Two weeks after U.S. Soccer’s admitted “error” in legal strategy, U.S. Soccer wrote, “USSF no longer disputes that the jobs of the WNT and MNT players require equal skill, effort and responsibility—and therefore has necessarily conceded that they perform equal work.”
The USWNT is seeking $67 million in back pay in the suit. When the women filed that lawsuit, U.S. Soccer initially responded by arguing the women have less “ability” than the men based on “the level of certain physical attributes, such as speed and strength.”
A spokeswoman for the USWNT, Molly Levinson, criticized that argument at the time, saying it belonged “in the Paleolithic Era.”
Megan Rapinoe, Alex Morgan among potential witnesses
In the event no settlement is reached, big names like Megan Rapinoe, Alex Morgan, Carli Lloyd, Christen Press and Becky Sauerbrunn could potentially be called as witnesses at the trial.
Among other things, the filings say they could testify about the collective bargaining agreement with U.S. Soccer and unsatisfactory working conditions, such as worn-down fields and transportation.
The USWNT originally filed the equal pay lawsuit against U.S. Soccer ln March 2019. After months of going back and forth, the situation could come to a head soon..
What will happen with USWNT’s equal pay lawsuit next?
The issue is slated to go to trial in May, though that seems unlikely to happen as scheduled.
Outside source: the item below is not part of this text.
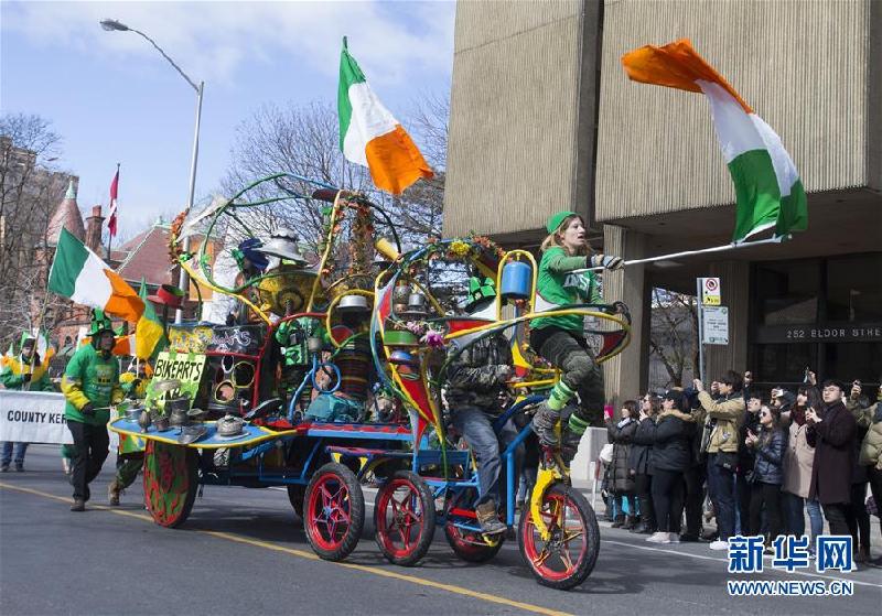 这是3月11日在加拿大多伦多圣帕特里克节游行中拍摄的一辆花车。 当日,加拿大多伦多举行2018年圣帕特里克节游行,吸引成千上万市民身着绿色服饰沿途观看。每年3月17日的圣帕特里克节是爱尔兰传统节日,为纪念爱尔兰守护神圣帕特里克而设立。新华社发(邹峥摄) |

The trial could be delayed due to the coronavirus pandemic, but it could also be scrapped due to a settlement.
New U.S. Soccer president Cindy Parlow Cone said U.S. Soccer would prefer to reach a settlement with the USWNT. Parlow Cone — who replaced Carlos Cordeiro after his resignation on March 12 — said she didn’t think “a trial is good for either party.”